* Source records
--------------------------------------------------
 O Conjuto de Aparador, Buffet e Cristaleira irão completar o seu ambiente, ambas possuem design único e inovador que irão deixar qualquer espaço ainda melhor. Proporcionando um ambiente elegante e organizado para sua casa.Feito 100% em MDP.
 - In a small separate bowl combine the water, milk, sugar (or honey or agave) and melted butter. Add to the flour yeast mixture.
--------------------------------------------------
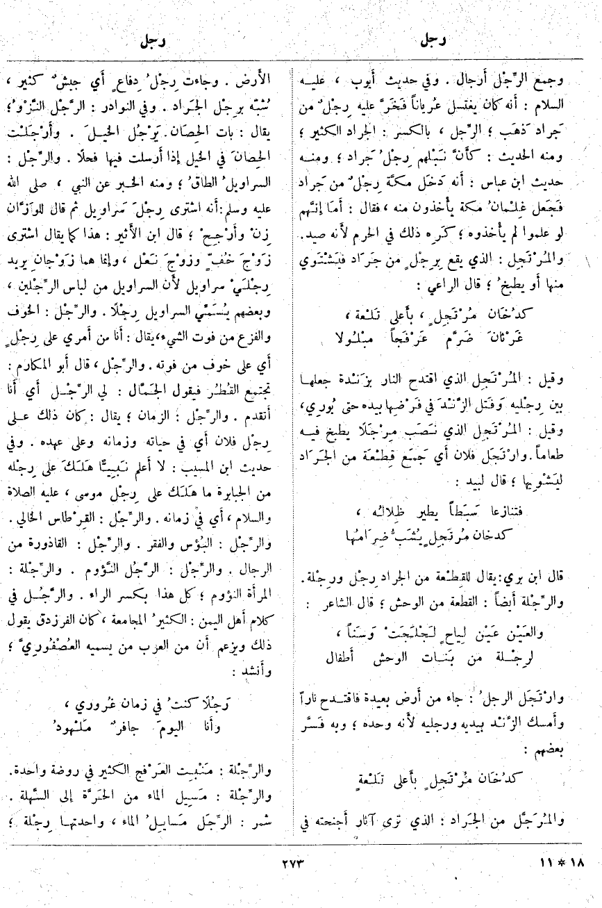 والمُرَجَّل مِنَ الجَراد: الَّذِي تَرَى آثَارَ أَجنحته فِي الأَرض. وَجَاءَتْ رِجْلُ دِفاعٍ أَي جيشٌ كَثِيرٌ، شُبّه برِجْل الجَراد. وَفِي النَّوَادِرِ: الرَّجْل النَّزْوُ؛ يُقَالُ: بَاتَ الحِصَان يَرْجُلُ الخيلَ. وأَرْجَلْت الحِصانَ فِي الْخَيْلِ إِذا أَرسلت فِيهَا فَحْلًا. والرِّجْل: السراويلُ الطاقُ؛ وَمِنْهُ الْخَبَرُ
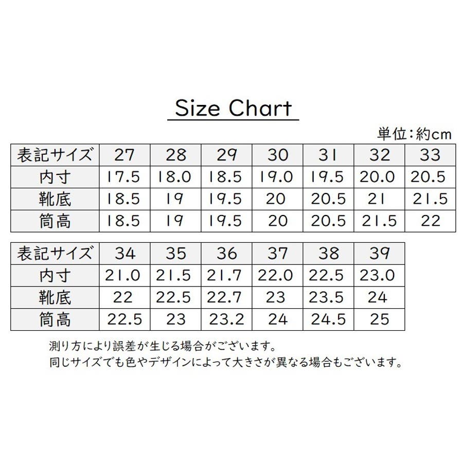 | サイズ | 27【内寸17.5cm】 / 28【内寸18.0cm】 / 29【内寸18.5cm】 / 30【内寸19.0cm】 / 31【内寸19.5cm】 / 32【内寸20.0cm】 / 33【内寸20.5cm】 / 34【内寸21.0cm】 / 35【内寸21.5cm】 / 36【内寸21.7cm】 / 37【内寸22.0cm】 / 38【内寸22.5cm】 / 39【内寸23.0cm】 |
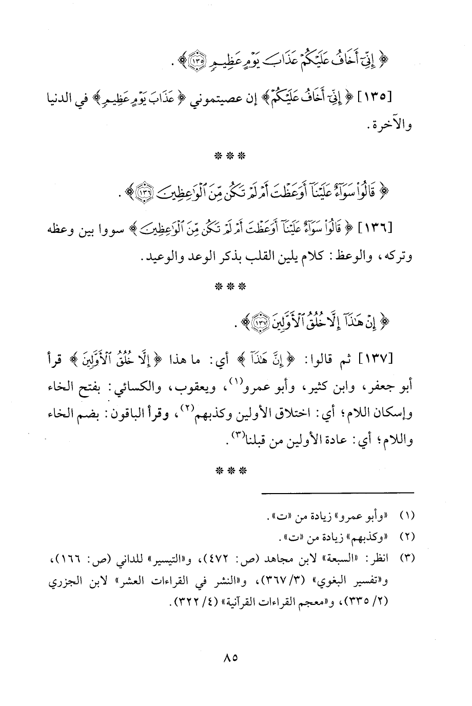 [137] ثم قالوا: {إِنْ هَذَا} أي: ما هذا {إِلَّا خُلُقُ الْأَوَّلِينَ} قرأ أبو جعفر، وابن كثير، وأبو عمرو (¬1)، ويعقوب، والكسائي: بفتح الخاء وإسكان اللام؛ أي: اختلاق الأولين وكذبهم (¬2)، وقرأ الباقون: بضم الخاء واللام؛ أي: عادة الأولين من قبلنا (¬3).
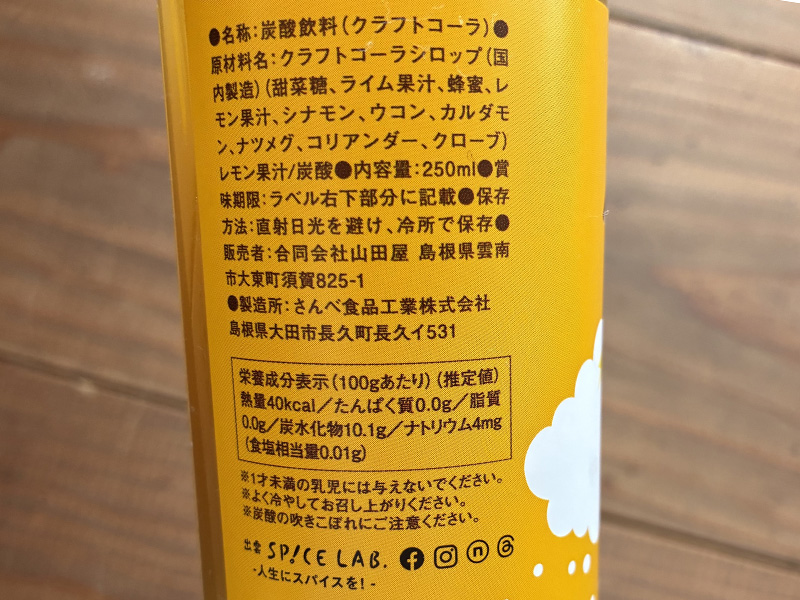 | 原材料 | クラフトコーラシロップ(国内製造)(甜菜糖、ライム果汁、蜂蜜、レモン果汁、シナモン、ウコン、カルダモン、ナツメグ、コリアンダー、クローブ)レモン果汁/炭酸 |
--------------------------------------------------
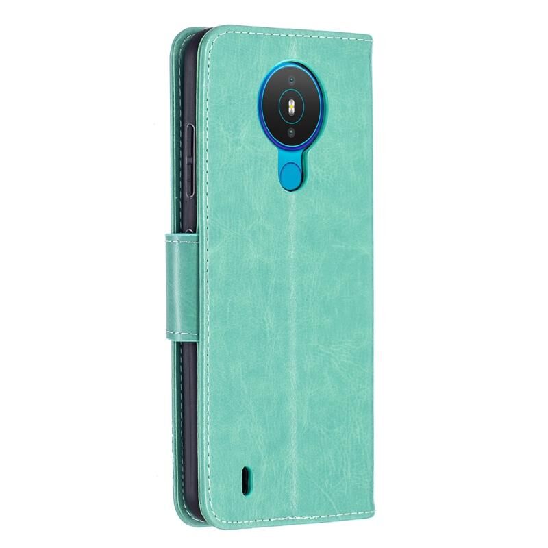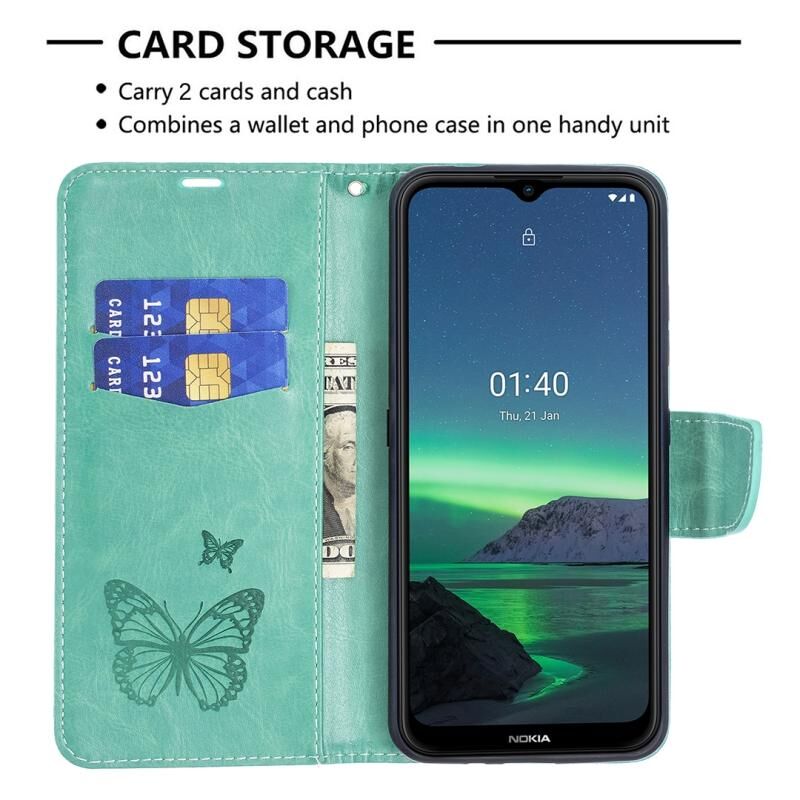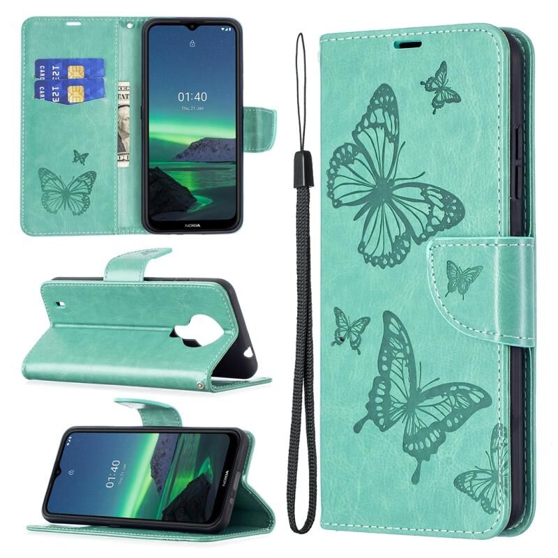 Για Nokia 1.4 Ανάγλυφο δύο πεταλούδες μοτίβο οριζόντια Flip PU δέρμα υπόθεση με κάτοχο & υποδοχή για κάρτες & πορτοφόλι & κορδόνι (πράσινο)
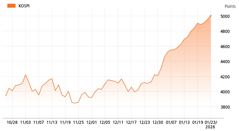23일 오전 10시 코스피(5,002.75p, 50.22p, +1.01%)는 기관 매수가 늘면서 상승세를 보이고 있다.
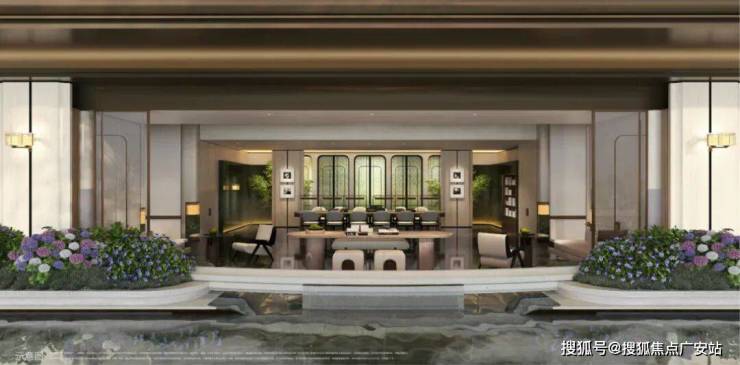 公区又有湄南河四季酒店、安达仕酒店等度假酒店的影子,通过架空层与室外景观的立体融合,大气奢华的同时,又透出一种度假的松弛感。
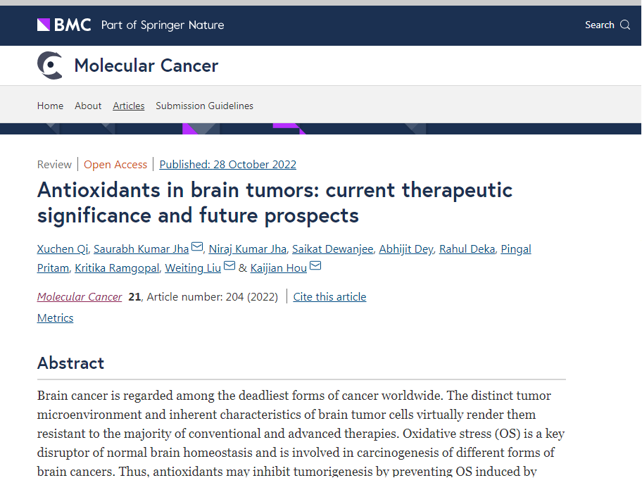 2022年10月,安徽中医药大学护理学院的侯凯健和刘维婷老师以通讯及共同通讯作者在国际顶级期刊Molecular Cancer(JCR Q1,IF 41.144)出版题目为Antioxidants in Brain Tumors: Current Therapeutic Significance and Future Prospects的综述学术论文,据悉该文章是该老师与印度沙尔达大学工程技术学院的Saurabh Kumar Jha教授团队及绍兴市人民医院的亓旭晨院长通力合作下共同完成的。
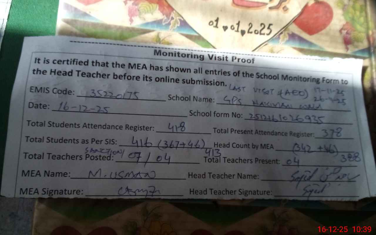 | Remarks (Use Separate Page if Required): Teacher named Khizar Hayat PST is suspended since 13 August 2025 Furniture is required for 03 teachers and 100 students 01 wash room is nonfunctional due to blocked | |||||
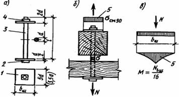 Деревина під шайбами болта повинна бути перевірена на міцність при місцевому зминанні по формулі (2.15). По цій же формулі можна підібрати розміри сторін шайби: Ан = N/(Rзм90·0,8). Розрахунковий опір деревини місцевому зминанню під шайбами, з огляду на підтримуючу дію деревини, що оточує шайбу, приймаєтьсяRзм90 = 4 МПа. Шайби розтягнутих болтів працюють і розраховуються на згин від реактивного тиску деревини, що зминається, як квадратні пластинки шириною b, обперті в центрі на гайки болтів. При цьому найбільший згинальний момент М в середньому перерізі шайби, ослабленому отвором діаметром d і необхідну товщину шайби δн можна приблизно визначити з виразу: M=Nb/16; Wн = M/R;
--------------------------------------------------
Using the records above, repeat exactly the run of lines that starts with the line with "23일 오전 10시 코스피(5,002.75p, 50.22p, +1.01%)는" and goes on through the line with "blocked | |||||"; omit each picture.

* Reply
23일 오전 10시 코스피(5,002.75p, 50.22p, +1.01%)는 기관 매수가 늘면서 상승세를 보이고 있다.
 公区又有湄南河四季酒店、安达仕酒店等度假酒店的影子,通过架空层与室外景观的立体融合,大气奢华的同时,又透出一种度假的松弛感。
 2022年10月,安徽中医药大学护理学院的侯凯健和刘维婷老师以通讯及共同通讯作者在国际顶级期刊Molecular Cancer(JCR Q1,IF 41.144)出版题目为Antioxidants in Brain Tumors: Current Therapeutic Significance and Future Prospects的综述学术论文,据悉该文章是该老师与印度沙尔达大学工程技术学院的Saurabh Kumar Jha教授团队及绍兴市人民医院的亓旭晨院长通力合作下共同完成的。
 | Remarks (Use Separate Page if Required): Teacher named Khizar Hayat PST is suspended since 13 August 2025 Furniture is required for 03 teachers and 100 students 01 wash room is nonfunctional due to blocked | |||||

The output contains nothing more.